Усач потерял дар своей исковерканной речи. На его практике впервые невольник смел вмешиваться в разговор господ. Горбун-продавец сориентировался первым. Он закричал на Армана Ги, уже не принадлежащего ему.
— Забудь об этом. Теперь ты сам слуга!
Но грек уже очухался. Чем-то ему такой поворот даже понравился.
— А что, — усмехнулся он, — я первый буду иметь раба, у которого будет слуга.
Продавец мгновенно понял свою пользу и бурно поддержал остроумную мысль клиента. Взоры повернулись в сторону уродца Лако. Конечно, ликом он краше не стал за время морского путешествия, но все остальное… Грек с интересом оглядел квадратную мускулистую фигуру, поднял глаза на дощечку с ценой и увидев, что там написано всего — шесть франков, крикнул:
— Беру!
Отсчитывая деньги растерянному горбуну, он поинтересовался:
— Откуда взялся этот парень? Вы только что его сюда привели? Я с самого утра здесь на набережной и не видел его.
Горбун ничего не мог ему ответить.
Кстати, с вопроса на эту тему и начался разговор между господином рабом и его слугой в трюме греческого корабля, направлявшегося бог весть в какие края.
— Почему, Лако, тебя так никто и не купил до самого конца торгов.
Слуга ответил лаконично и немного загадочно.
— Я умею так стоять, что меня никто не купит.
Впрочем, у Армана Ги голова была больше занята размышлениями о своем будущем, поэтому он пропустил мимо ушей эту не вполне ясную фразу, сочтя ее просто косноязычной. Может быть, так оно и было.
Кроме размышлений о будущем, которые, как показывает тысячелетняя практика, особого смысли не имеют, глодало душу и то, что он не может понять смысл действий маркиза де Верни.
Почему он не убил неожиданного визитера, если счел опасным для себя? Почему не убил, если он является тайным сподвижником и поклонником Жака де Молэ? Может быть он пронюхал об истинных намерениях королевского посланца? Но как он мог догадаться, что бывший комтур Байе королевский посланец? Не Филипп же уведомил его об этом.
Какая-то тайна скрывается за странностями в поведении кипрского командора. Но какая? Тайна тамплиерского золота? Нет, Арман Ги энергично помогал головой. Чушь! Жак де Молэ никогда бы не доверил свою казну человеку, которого некогда сажал в подземелье.

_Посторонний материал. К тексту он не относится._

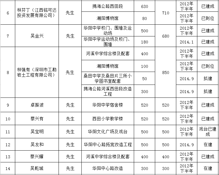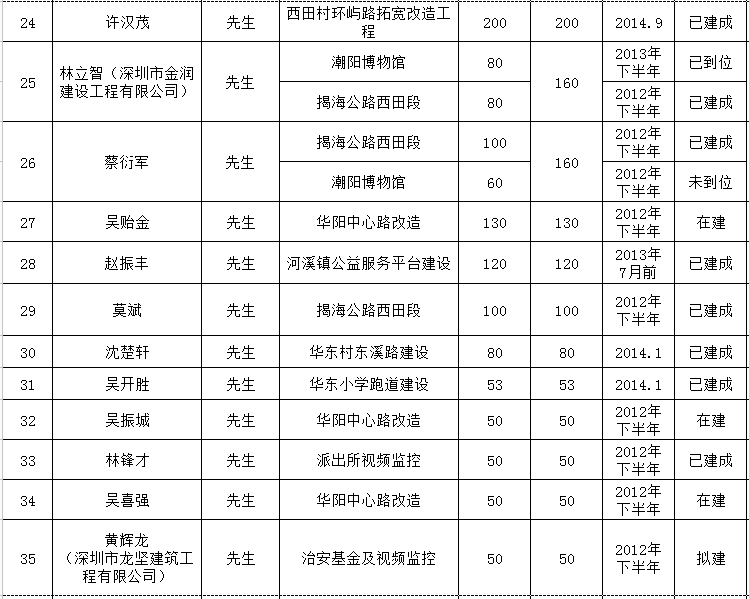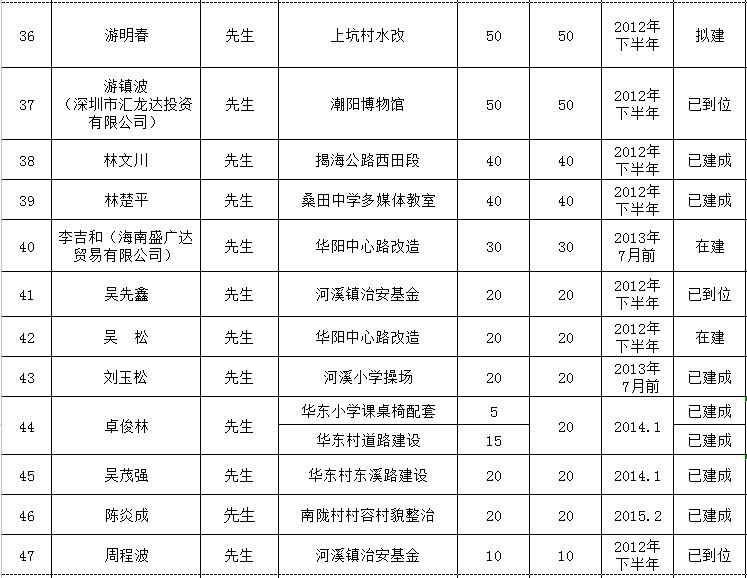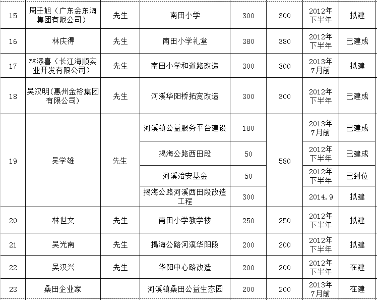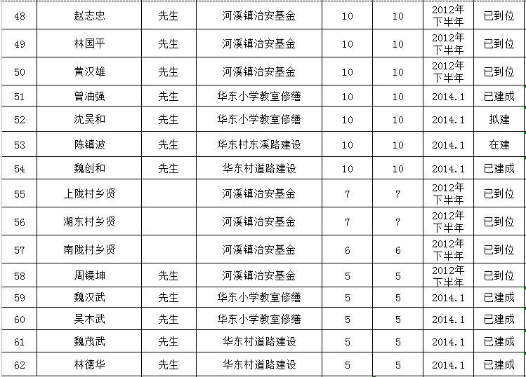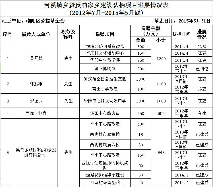 河溪镇乡贤反哺家乡建设认捐项目进展情况统计表

Нет, тайну, именно тайну скрывал маркиз, избавляясь от присутствия бывшего комтура. Но все-таки почему он не убил?! Могила, как известно, лучшее хранилище для тайн.
На этот вопрос ответа не было.
Господин попробовал поделиться своими интеллектуальными мучениями со своим рабом, но тот стал зевать уже на третьем повороте мыслительного сюжета.
— Ладно, спи! — усмехнулся рыцарь.
ГЛАВА ДЕСЯТАЯ. АВИНЬОН
На папском престоле, за несколько веков его существования, перебывало много всяких людей. Были папы философы и папы-кретины; папы-сластолюбцы и папы-святые; папы лгуны и папы воплощения благородства; папы-консерваторы и, соответственно, реформаторы; папы-итальянцы и папы не итальянцы; папы-молодые люди и папы-старики, папы здоровые и папы больные. Наконец, были папы римские и папы авиньонские. Одним из которых являлся папа Климент V.
Горбоносый, чернобровый беарнец с пронизывающим взглядом и горделивой осанкой. Внешность его, надо сказать, была обманчива. Ни сластолюбцем о чем, якобы, свидетельствовала форма носа, ни умником, о чем свидетельствовал взгляд, он не являлся. Да и горделивая осанка… На католический престол Бертран де Готон вполз на брюхе, перецеловав предварительно множество властных дланей. Одной из них, может быть самой властной, а значит и самой зацелованной, была рука Филиппа Красивого. Как это часто случается, хуже всего человек относится к тем, кто некогда оказал ему самую большую услугу. И уж просто ненавидит того, кто постоянно ему об этой услуге напоминает, а Филипп напоминал. Когда надо и когда не надо. И не потому, что не донимал, как относится к этим напоминаниям его святейшество, а просто потому, что любил его подразнить. Он знал, что Климент V терпеть его не может, но был уверен, что никогда, ни при каких обстоятельствах не выступит против него.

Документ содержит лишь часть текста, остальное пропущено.